(DATA FOR REVIEW):
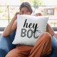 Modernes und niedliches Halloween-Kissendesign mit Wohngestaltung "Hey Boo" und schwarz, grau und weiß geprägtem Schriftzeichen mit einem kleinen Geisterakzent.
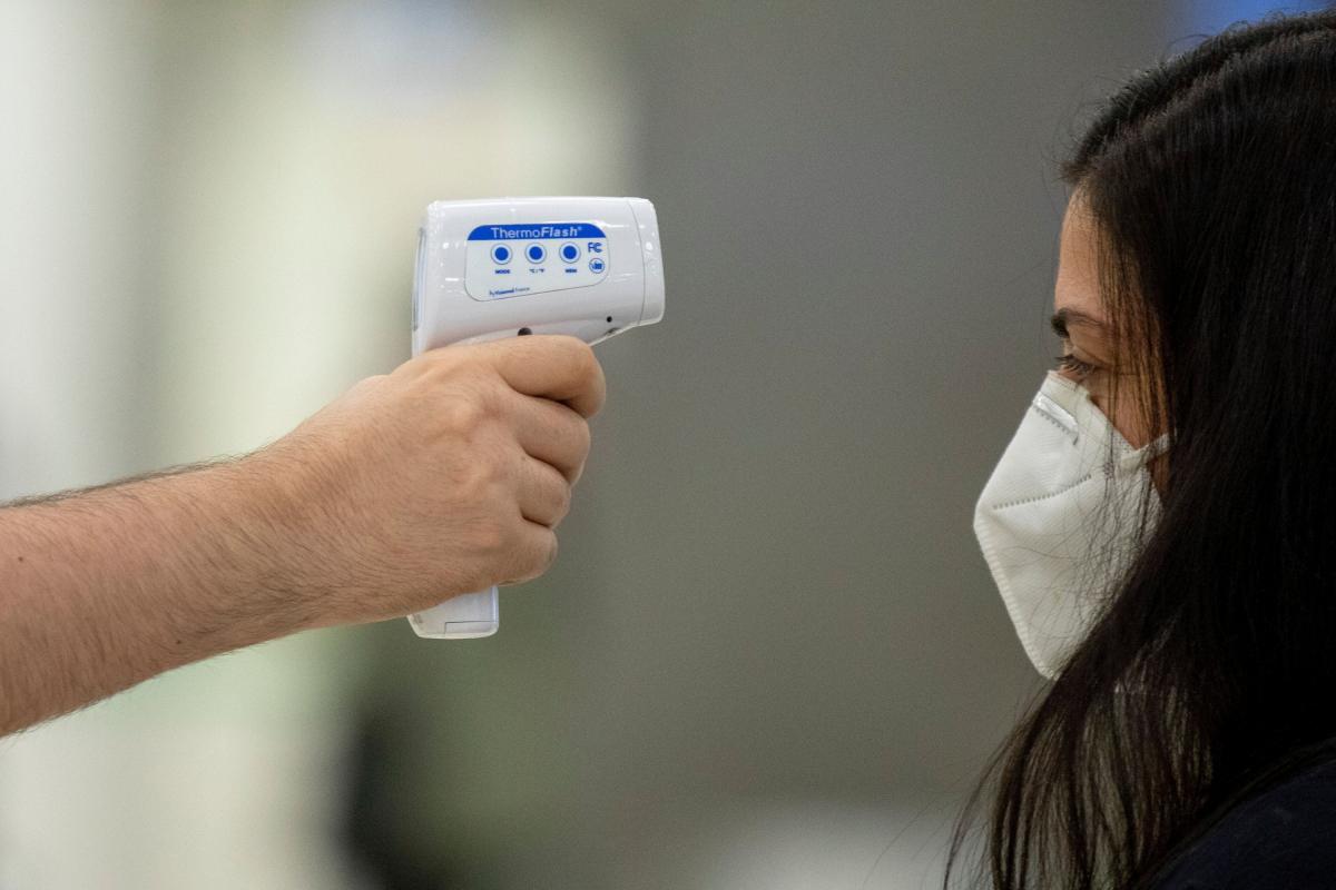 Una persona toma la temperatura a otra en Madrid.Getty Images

==

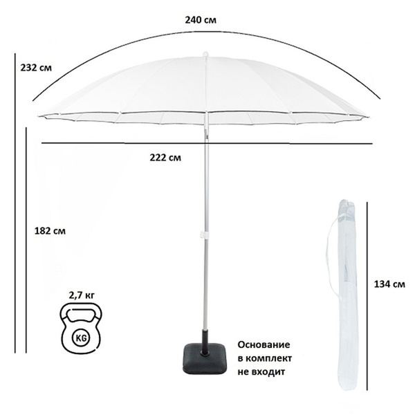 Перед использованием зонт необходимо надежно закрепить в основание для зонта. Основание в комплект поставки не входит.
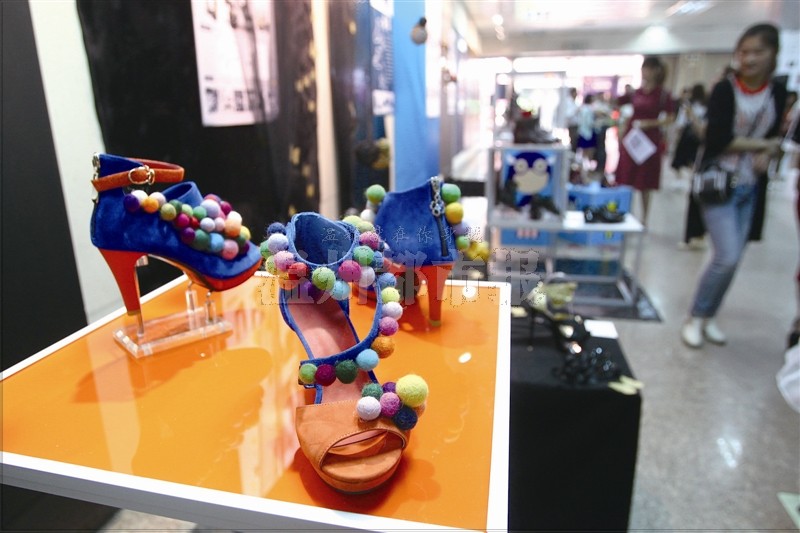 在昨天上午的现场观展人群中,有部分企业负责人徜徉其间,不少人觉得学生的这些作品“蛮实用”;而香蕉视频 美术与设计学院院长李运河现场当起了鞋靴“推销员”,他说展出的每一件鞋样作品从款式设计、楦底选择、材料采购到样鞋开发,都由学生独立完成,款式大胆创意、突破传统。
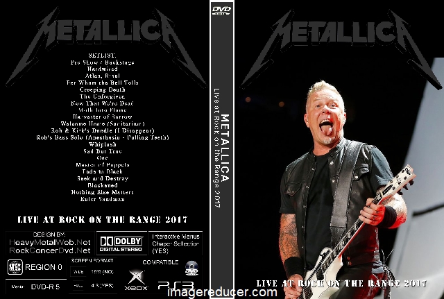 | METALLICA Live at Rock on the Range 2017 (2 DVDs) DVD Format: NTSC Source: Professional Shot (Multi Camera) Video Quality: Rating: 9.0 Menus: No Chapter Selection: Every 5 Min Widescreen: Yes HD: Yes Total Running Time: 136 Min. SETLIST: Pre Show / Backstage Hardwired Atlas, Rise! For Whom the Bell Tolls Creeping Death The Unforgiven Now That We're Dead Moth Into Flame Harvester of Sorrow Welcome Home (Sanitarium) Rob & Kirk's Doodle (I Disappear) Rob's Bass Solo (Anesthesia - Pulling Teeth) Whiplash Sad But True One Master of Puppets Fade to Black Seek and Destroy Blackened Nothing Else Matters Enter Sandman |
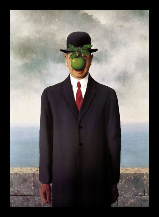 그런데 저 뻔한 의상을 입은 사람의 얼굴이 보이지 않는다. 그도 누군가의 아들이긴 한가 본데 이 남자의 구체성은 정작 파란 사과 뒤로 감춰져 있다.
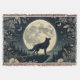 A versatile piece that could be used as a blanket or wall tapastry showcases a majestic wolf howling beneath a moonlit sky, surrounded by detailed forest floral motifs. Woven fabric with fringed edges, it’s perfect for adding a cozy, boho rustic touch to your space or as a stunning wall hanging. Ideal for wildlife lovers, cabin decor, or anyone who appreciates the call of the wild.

(PROBLEM STATEMENT):
Your answer must be everything above from the line with "Modernes und niedliches" down to the line with "Una persona toma", word for word, and no pictures.

(SOLVED PROBLEM):
 Modernes und niedliches Halloween-Kissendesign mit Wohngestaltung "Hey Boo" und schwarz, grau und weiß geprägtem Schriftzeichen mit einem kleinen Geisterakzent.
 Una persona toma la temperatura a otra en Madrid.Getty Images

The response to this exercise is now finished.